_Recorded information:_
•••••
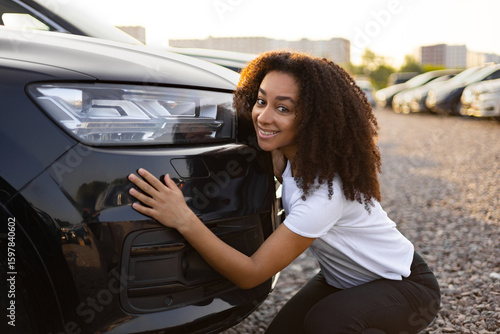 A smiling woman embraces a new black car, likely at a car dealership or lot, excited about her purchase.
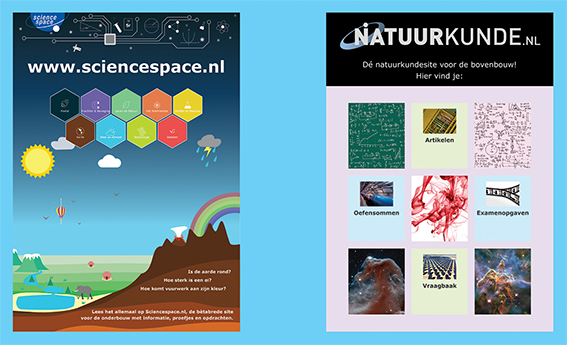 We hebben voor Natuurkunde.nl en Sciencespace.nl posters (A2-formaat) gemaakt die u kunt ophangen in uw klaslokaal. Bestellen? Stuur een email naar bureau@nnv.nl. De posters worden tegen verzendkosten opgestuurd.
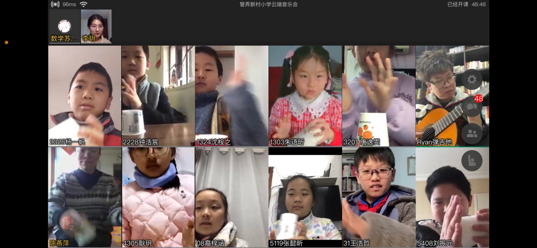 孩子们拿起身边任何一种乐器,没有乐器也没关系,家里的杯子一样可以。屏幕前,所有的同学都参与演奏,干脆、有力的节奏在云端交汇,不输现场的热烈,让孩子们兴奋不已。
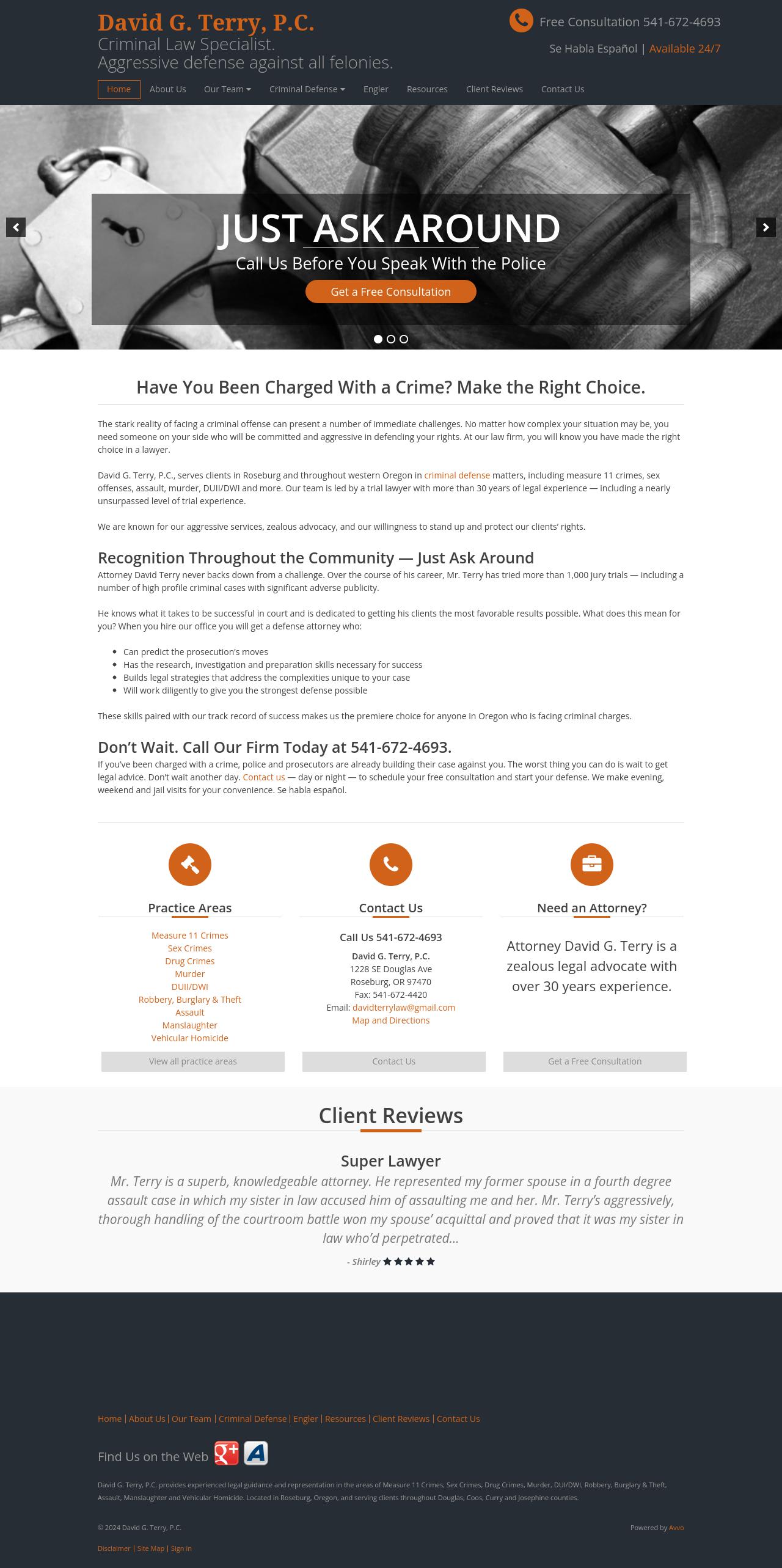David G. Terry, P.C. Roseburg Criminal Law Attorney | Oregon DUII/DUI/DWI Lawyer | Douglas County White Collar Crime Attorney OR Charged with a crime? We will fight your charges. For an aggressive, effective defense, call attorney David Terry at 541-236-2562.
•••••
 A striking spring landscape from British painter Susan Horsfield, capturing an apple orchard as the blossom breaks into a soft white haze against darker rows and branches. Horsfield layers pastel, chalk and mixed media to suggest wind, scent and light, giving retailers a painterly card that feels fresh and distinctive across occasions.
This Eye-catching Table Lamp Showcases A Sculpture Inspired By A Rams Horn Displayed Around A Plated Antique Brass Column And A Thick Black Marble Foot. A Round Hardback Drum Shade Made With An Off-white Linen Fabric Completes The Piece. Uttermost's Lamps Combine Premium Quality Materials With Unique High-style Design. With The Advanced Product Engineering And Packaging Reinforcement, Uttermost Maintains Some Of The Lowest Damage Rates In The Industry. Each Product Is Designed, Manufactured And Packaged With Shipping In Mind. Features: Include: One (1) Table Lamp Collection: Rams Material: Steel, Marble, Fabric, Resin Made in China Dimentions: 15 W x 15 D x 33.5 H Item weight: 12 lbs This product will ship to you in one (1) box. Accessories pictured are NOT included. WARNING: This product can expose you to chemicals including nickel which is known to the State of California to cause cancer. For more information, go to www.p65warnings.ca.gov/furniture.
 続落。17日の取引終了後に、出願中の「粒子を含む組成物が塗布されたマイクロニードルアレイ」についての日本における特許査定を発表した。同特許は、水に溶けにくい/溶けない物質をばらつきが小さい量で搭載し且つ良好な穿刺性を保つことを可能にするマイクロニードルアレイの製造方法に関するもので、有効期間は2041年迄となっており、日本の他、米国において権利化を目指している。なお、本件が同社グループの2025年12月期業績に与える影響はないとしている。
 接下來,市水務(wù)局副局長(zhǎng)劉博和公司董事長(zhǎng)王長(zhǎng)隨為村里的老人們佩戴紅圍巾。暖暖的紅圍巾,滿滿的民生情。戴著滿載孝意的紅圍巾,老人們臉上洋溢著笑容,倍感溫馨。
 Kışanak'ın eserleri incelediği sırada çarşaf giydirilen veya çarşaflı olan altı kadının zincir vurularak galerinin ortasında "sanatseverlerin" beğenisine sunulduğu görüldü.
•••••
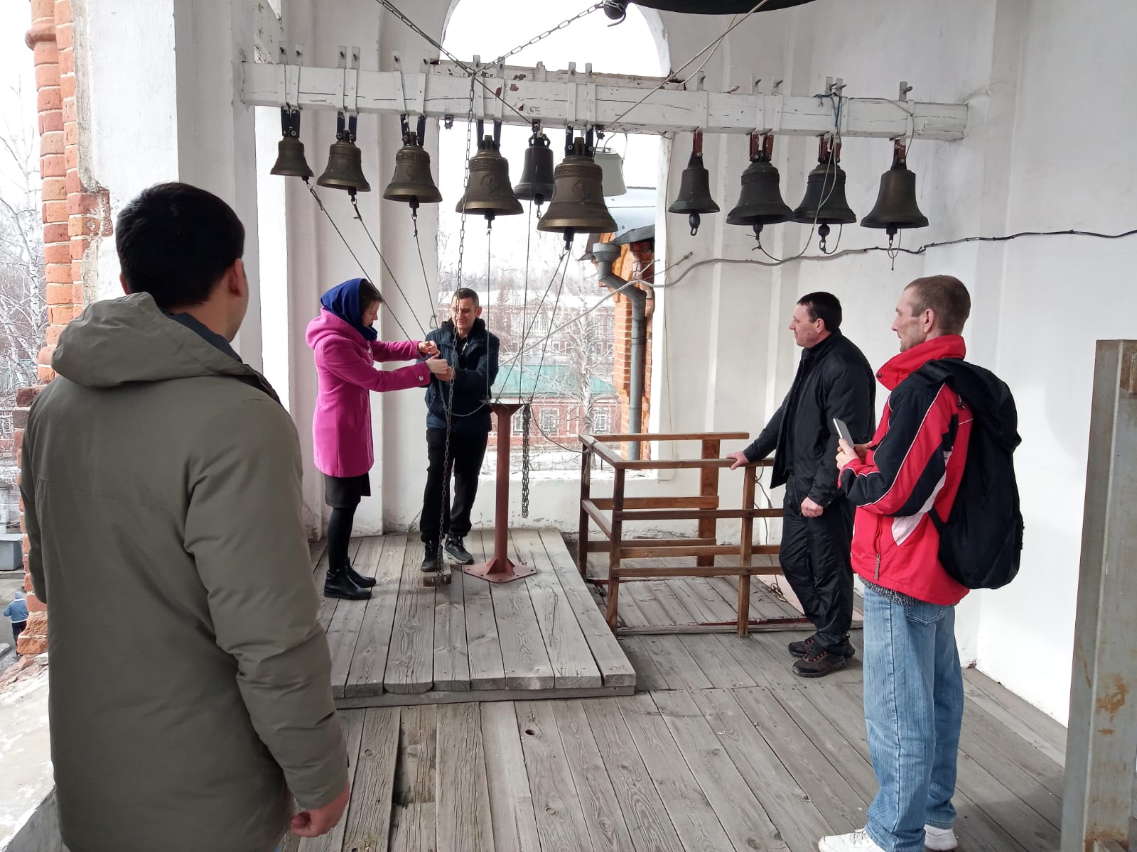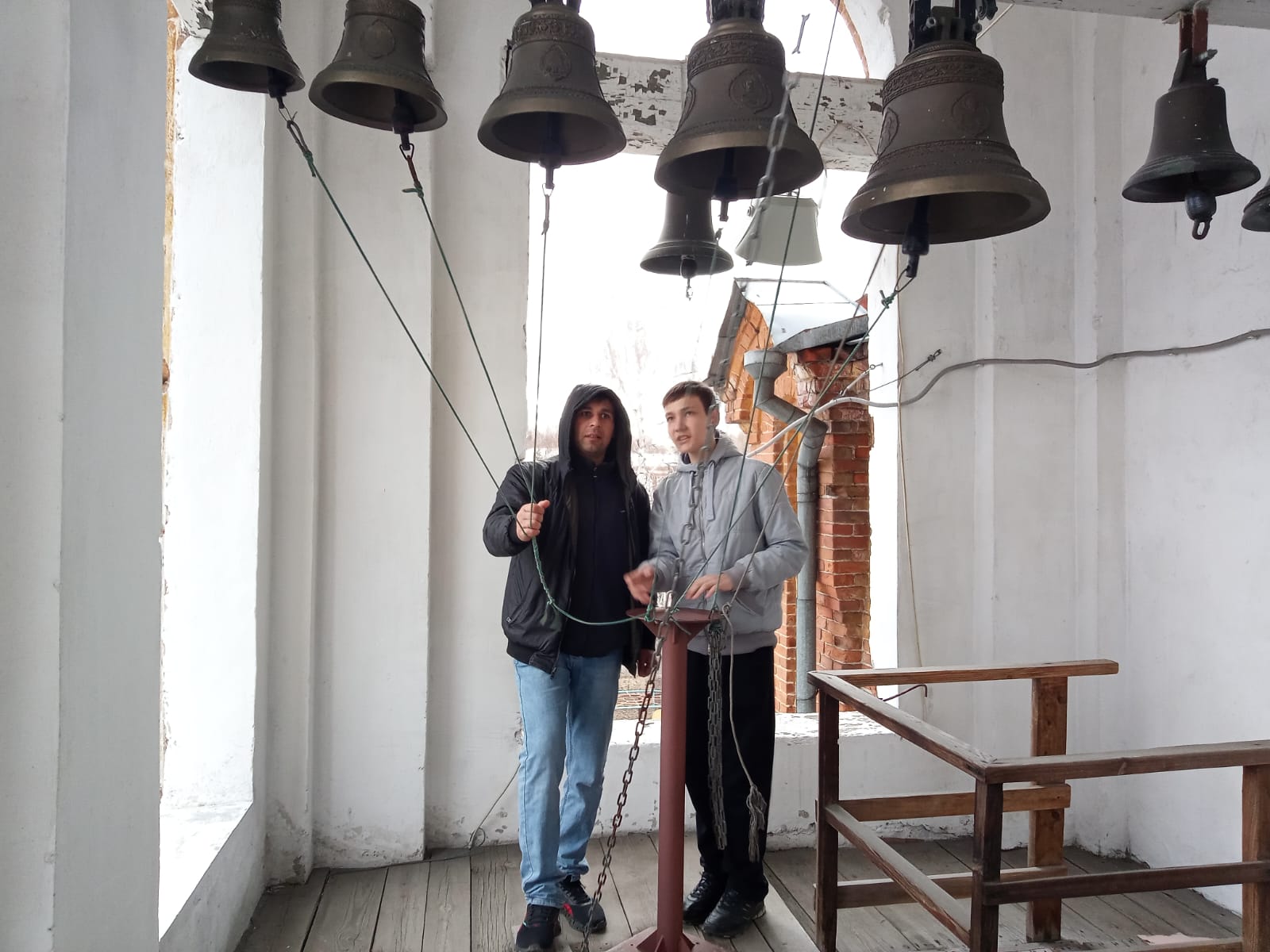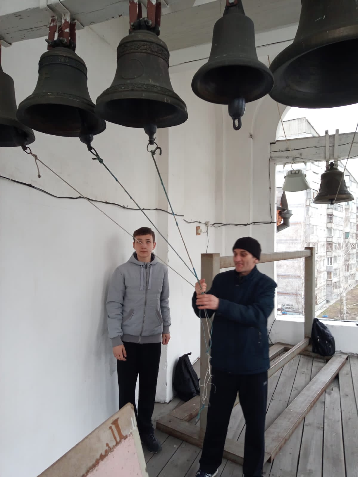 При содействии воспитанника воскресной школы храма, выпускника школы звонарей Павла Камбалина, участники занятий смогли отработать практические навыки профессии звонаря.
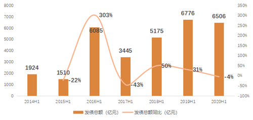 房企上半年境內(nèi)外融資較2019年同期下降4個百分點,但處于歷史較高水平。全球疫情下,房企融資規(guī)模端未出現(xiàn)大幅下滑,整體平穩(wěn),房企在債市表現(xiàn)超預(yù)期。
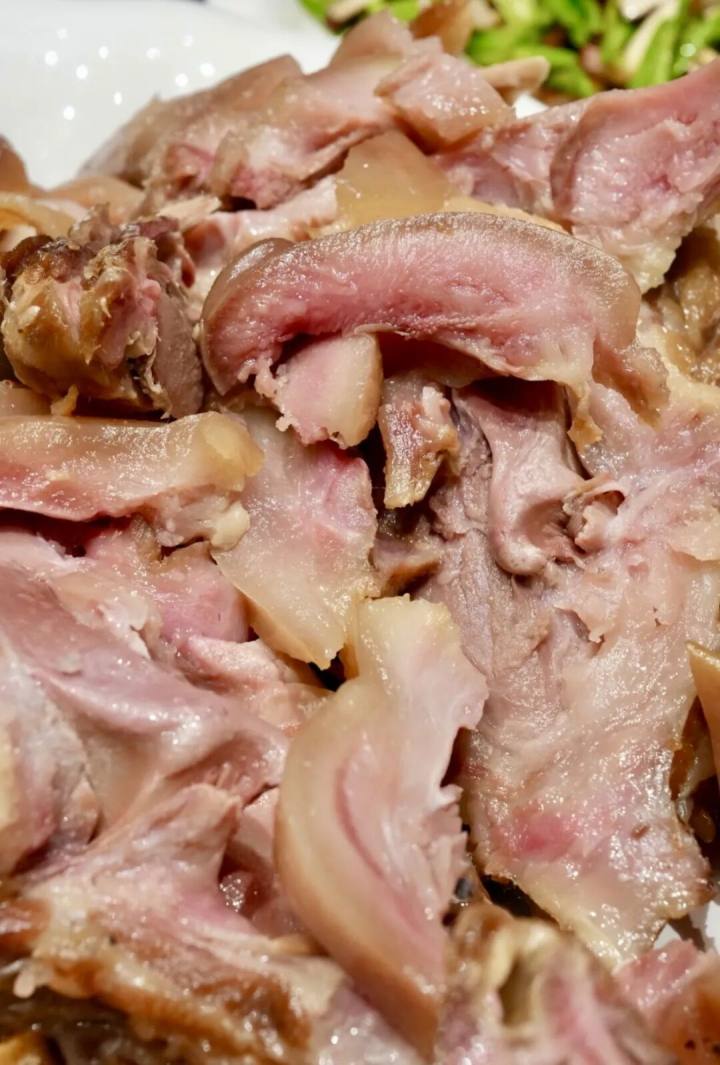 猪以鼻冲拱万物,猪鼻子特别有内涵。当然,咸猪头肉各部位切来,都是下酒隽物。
•••••
_Instructions to follow:_
Each line between the one holding "房企上半年境內(nèi)外融" and the one holding "猪以鼻冲拱万物,猪鼻子特别有内涵。当然,咸猪头肉各部位切来,都是下酒隽物。", inclusive, should be copied exactly as it appears above, and pictures should be omitted.

_Answer:_
 房企上半年境內(nèi)外融資較2019年同期下降4個百分點,但處于歷史較高水平。全球疫情下,房企融資規(guī)模端未出現(xiàn)大幅下滑,整體平穩(wěn),房企在債市表現(xiàn)超預(yù)期。
 猪以鼻冲拱万物,猪鼻子特别有内涵。当然,咸猪头肉各部位切来,都是下酒隽物。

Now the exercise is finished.